L’amore di Bianca per Luigi è in primo luogo l’amore di una madre per un figlio, un amore che sembra superare i ruoli istituzionali e le decisioni politiche. Le Goff afferma che solo in un’occasione madre e figlio si scontrarono: quando il re santo guarì dalla grave malattia che aveva indotto molti a crederlo già morto, Bianca mostrò tutta la sua gioia; ma nella stessa circostanza mostrò un enorme dolore dinanzi la sua scelta di farsi crociato, “lo stesso dolore che se lo avesse visto morto[11].” Qui, secondo lo storico francese, non c’è però solo il dolore di una madre che teme di non rivedere più il figlio: c’è anche la preoccupazione per l’amministrazione del regno, un’amministrazione che è diventata più complessa sotto Luigi IX e che spinge l’interesse politico ad interagire con l’affetto materno.
Nel racconto della crociata resoci da Joinville, Bianca di Castiglia compare la prima volta come protagonista quando san Luigi convoca un consiglio per decidere se tornare in Francia o restare in Egitto: è proprio la madre del sovrano che invoca il ritorno del figlio, lo prega con tutte le sue forze[12], perché a suo avviso il regno è in pericolo.
All’inizio dell’estate del 1253, dunque durante la permanenza a Sayette, Luigi è informato della morte della madre.
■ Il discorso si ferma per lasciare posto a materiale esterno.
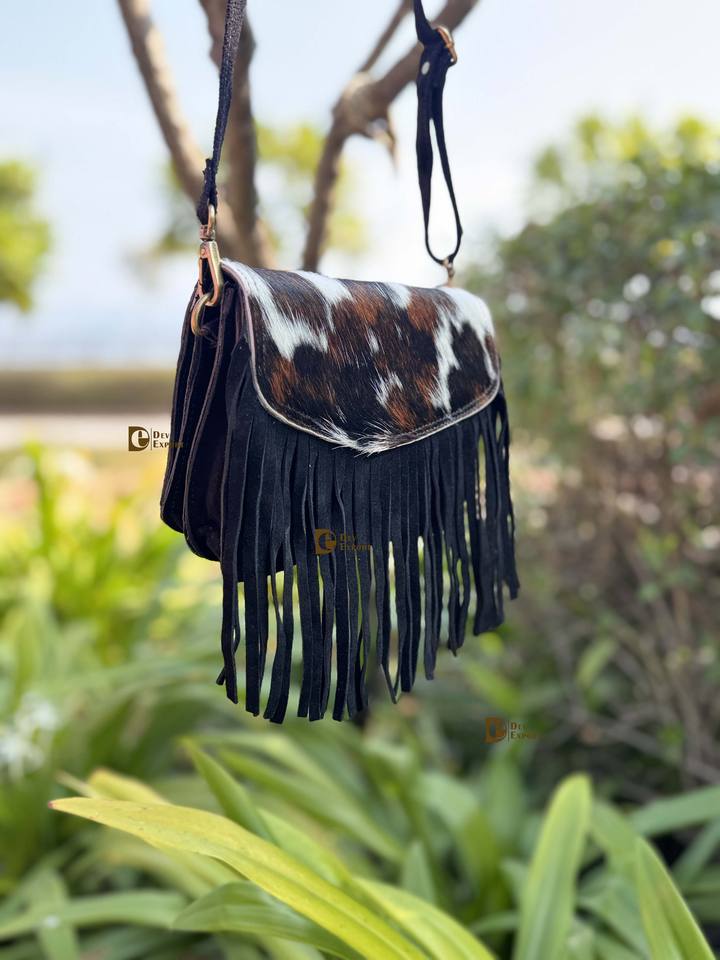 Suede Leather Fringe Handbag Hair on Hide Leather Sling Bag Stylish Bags Unique High Quality Bags for Women's

Questa era in realtà deceduta nel novembre del 1252, ma, come affermato da Lippiello, dobbiamo tenere in conto il tempo necessario affinché una notizia giungesse all’epoca dalla Francia alla Terra Santa. Joinville ci descrive un san Luigi moralmente devastato da questa notizia:
Ne mostrò una così grande disperazione che per due giorni fu impossibile parlargli. […] Quando arrivai davanti a lui nella sua camera, dove era solo, e che mi vide, stese le bracci e mi disse: “Ah! Siniscalco, ho perso mia madre!”[13].
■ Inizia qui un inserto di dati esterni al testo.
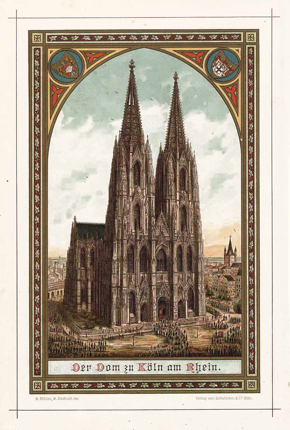 Dom in der Vollendung mit Prozession im Vordergrund; rechts Groß St. Martin (‘Der Dom zu Köln am Rhein’), Farblithographie v. Kühlen b. Schafstein & Co. in Köln, 1877, 21 x 13,5 cm

Qui la reazione del siniscalco è abbastanza stupefacente: la sua prima affermazione è infatti un quasi glaciale “ella doveva pur morire[14]”, e invece di consolare il sovrano per la grave perdita lo rimprovera per non nascondere meglio i suoi sentimenti. Joinville vede il pianto del sovrano come un segno di debolezza di fronte ai nemici, e non considera questa dimostrazione d’amore, seppur doloroso, come qualità morale del sovrano, ma come un difetto da correggere, sovvertendo di fatto il topos del grande che mostra la sua umanità attraverso l’abbondanza di lacrime e le dimostrazioni di dolore. A proposito di questo avvenimento, Le Goff afferma che, proprio in quanto l’atteggiamento del sovrano sembra la pura riproduzione di un modello di comportamento medievale (citando a proposito il Carlomagno della Chanson de Roland) è impossibile determinare l’autenticità di tali lacrime[15].
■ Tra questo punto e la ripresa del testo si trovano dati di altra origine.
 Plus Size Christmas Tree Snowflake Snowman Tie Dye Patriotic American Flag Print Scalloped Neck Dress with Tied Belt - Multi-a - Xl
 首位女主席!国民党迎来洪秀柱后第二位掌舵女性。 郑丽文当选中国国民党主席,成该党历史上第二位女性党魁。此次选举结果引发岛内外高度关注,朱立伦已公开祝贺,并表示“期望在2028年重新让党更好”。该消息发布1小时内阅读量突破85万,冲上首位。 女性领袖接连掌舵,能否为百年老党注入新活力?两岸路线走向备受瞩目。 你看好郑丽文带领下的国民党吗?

Come vedremo nel paragrafo successivo, sarà opposto il giudizio rispetto al rapporto di Luigi con moglie e figli: qui è accusato di dimostrare troppo affetto per la madre, lì di essere troppo freddo e di non interessarsi abbastanza.
Luigi e la moglie.
Il matrimonio tra Luigi IX e Margherita di Provenza, primogenita del conte di Provenza Raimondo Beringhieri V, ebbe luogo a Sens il 27 maggio 1234. Luigi aveva vent’anni e si trovava, come evidenzia Guglielmo di Nangis, al suo ottavo anno di regno[16]: un matrimonio dunque un po’ tardo per un re medievale, ritardo che Le Goff mette in relazione con la predominante figura di Bianca di Castiglia, che dopo il matrimonio avrebbe potuto perdere parte del suo ascendente sul figlio.
Come modello di matrimonio medievale, anche quello di Luigi con Margherita fu un matrimonio prettamente politico, in quanto da una parte rafforzò ulteriormente la presenza della monarchia in Provenza e nel sud della Francia, e dall’altra, grazie ai matrimoni delle altre figlie di Raimondo Beringhieri, la posizione della monarchia francese nei confronti di quella inglese (fu molto importante a questo riguardo il forte e reciproco affetto tra Margherita e sua sorella Eleonora, che nel 1236 sposa Enrico III d’Inghilterra). Sottolineare la funzionalità politica di questo avvenimento è di fondamentale importanza per comprendere il rapporto umano tra il re e la sua consorte: il loro matrimonio fu tutt’altro che uno sposalizio tra innamorati. “Un matrimonio d’amore è privo di senso nel medioevo[17]”. Questo però non vuol dire che Luigi non provasse assolutamente niente nei confronti della moglie: l’elevato numero di figli non può essere solo collegato agli interessi dinastici, e il controllo sulla vita a letto dei coniugi da parte di Bianca di Castiglia sembra essere legato a timori di tipo morale. Del resto la carne è carne.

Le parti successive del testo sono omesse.